Княгиня Орвиедо разорилась, наконец. Не более десяти лет потребовалось, чтобы вернуть бедным триста миллионов, награбленные князем в карманах доверчивых акционеров. Первая сотня миллионов была истрачена в пять лет, но остальные двести ушли в четыре с половиной года на еще более роскошные учреждения. Кроме Дома трудолюбия, яслей св. Марии, сиротского дома св. Иосифа, богадельни в Шатильоне и госпиталя Сен-Жарсо, были устроены: образцовая ферма близ Эвре, две детские больницы на берегу Ламанша, богадельня для стариков в Ницце, странноприимные дома, рабочие колонии, школы, библиотеки во всех концах Франции, не считая значительных вкладов в существующие уже благотворительные заведения. Все это имело один и тот же характер царственной щедрости. Не кусок хлеба, брошенный несчастным из жалости или страха, а благосостояние, избыток, все блага мира, расточаемые бедным и слабым, у которых сильные отняли их долю счастья, дворцы великих мира, открытые для нищих и бродяг, чтобы и они могли спать на шелку и есть на золоте! В течение десяти лет лился дождь миллионов; мраморные столовые, дортуары, украшенные картинами, монументальные фасады вроде Лувра, сады с редкими, растениями, десять лет работы, возни с антрепренерами и архитекторами! Она радовалась и чувствовала облегчение, истратив все до последнего сантима. Мало того, она даже задолжала несколько сот тысяч франков, и объявление, прибитое над подъездом, извещало о продаже отеля, последний удар, сметавший все следы проклятых денег, подобранных в крови и грязи финансового разбоя.

Наверху старуха Софи ожидала Каролину. Она ворчала весь день. Ну, вот, так и вышло, как она предсказывала: барыне придется умереть на соломе.
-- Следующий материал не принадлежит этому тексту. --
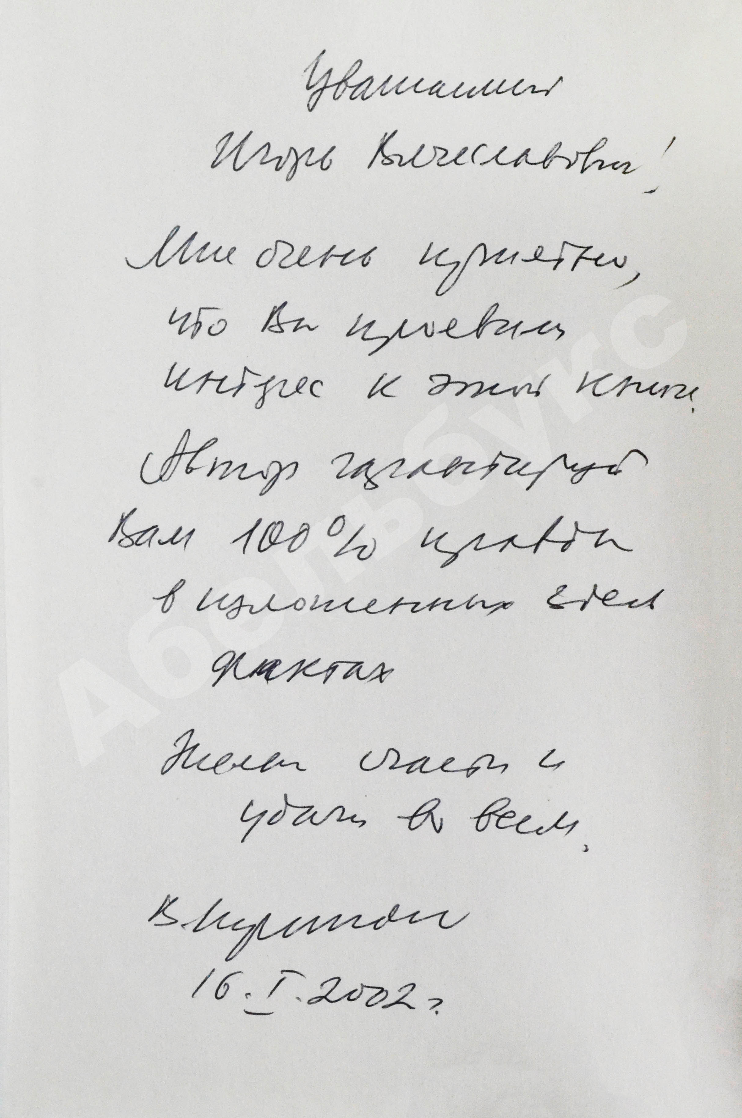 На обороте свободного листа форзаца автограф Вадима Кирпиченко: «Уважаемый Игорь Васильевич! Мне очень приятно, что Вы проявили интерес к этой книге. Автор гарантирует Вам 100% правды в изложенных здесь фактах Желаю счастья и удачи во всем. В Кирпиченко 16.I.2002 г.».

Лучше было ей выйти еще раз замуж и народить детей: ведь, в сущности, она только их и любила. Софи беспокоилась не за себя, она давно уже получила ренту в две тысячи франков и могла теперь переселиться на родину близ Ангулема. Но ее смущало то, что барыня не оставила себе даже нескольких су на хлеб и молоко, которыми теперь питалась. Они постоянно ссорились. Княгиня улыбалась своей небесной улыбкой, говоря, что в конце этого месяца ей не нужно будет ничего, кроме савана, так как она уйдет в монастырь, давно уже намеченный, монастырь кармелиток, где замуруется от всего света. Покой, вечный покой!

Княгиня нисколько не изменилась с тех пор, как Каролина видела ее в последний раз: в вечном черном платье, со спрятанными под кружевной косынкой волосами, красивая еще, несмотря на свои тридцать девять лет, с круглым лицом и жемчужными зубами, но желтая, увядшая, точно после десятилетнего подвижничества в монастыре. Тесная комната, напоминавшая контору судебного пристава в провинции, была более чем когда-либо завалена всевозможными документами, планами, сметами, делами – грудой бумаги накопившихся после растраты трехсот миллионов.

– Сударыня, – сказала княгиня своим тихим и медленным голосом, который уже потерял способность дрожать от какого бы то ни было волнения, – я хотела сообщить вам новость, которую узнала сегодня утром… Дело идет о Викторе, мальчике, которого мы поместили в Дом трудолюбия…

Сердце Каролины болезненно сжалось. Ах, несчастный ребенок, которого отец так-таки и не видал, несмотря на свои обещания сходить к нему. Что с ним будет теперь? И хотя она старалась не думать о Саккаре, но волей-неволей должна была постоянно вспоминать о нем.

– Вчера произошли ужасные вещи, – продолжала княгиня, – непоправимое преступление…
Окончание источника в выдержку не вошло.